I have a Gates of Lodore permit for a late August launch. This will be a small trip, experienced folks, mostly IKs and one raft. The rafter says he will be lightly loaded; the other boats should be largely or completely self-supported. I have done the Gates of Lodore before, although it has been a few years.

I read some discussion about rafts getting stuck in Disaster Falls at 800 cfs, but the Flaming Gorge dam is now releasing 1300 cfs average (900 cfs to 1600cfs), so I am less concerned about water levels and stuck rafts. Yes, we will bring a full pin kit. Apparently the drought plan is causing some of the dams to release more water.

I am guessing that we will not see a ranger at the put in. We have a short first day, so no need to be on the water early.

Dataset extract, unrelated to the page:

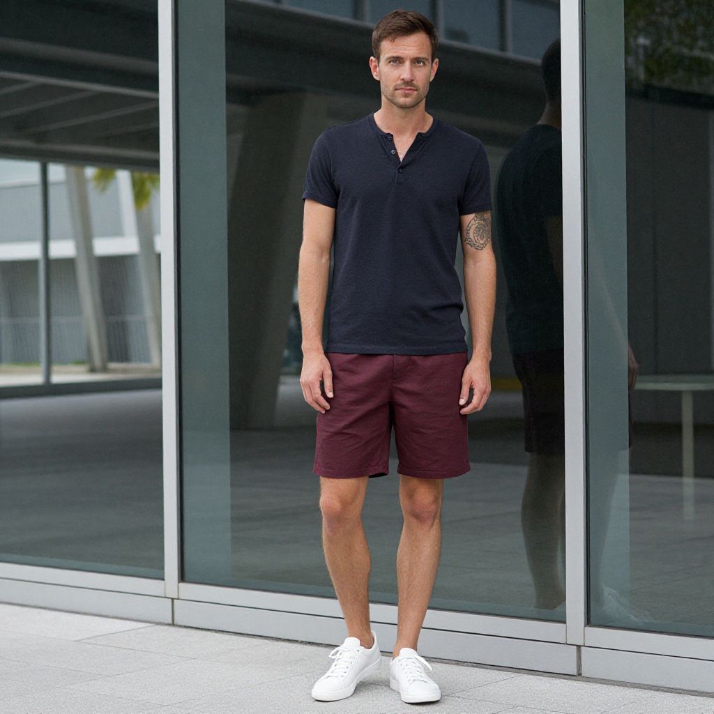 A man, charcoal henley shirt, burgundy shorts, minimalist white tennis sneakers, modern glass facade, Cibachrome style, relaxed expression, sporty and chic vibe. Man has masculine face and piercing eyes

So what else do I need to know?

Thanks in advance. I usually look here first for the latest and most accurate info.


----------



## kayakfreakus (Mar 3, 2006)

Should have an absolutely awesome time, especially with the Flaming Gorge flows. I think we still saw a ranger at check in on multiple fall floats later than August but could be misremembering. Prepare for weather to vary greatly and skunks at any of the Jones hole camps. Seems like bugs are not any issue this year and that leaves only the "W" paddling into split mountain. Jealous!!


----------



## unlucky (Sep 2, 2012)

Lodore at 800 CFS is in non way comparable to the MFS at low water. The river is technical in places but not a constant rock garden. Don’t get me wrong there are places to get in trouble but there is plenty of water to float the boats. You can run just about any boat and any reasonable load. We have done many mid and late august trips and my favorite last night camps are in island park. The bugs are typically long gone and you have the opportunity to see some spectacular sun sets. (Avoid island park like you would the plague in June and early July).


----------



## tBatt (May 18, 2020)

Good hikes: Winnie's Grotto, Rippling Brook, Limestone draw overlook (take a left toward the river when the slickrock flattens out). Petroglyph panels up Jones Creek and at the point of Steamboat Rock. Refill water at the Echo Park ranger station. 

What're your dates? I'm there 8/14-17


----------



## riverrat2004 (Jul 8, 2021)

good luck using your pin kit in disaster


----------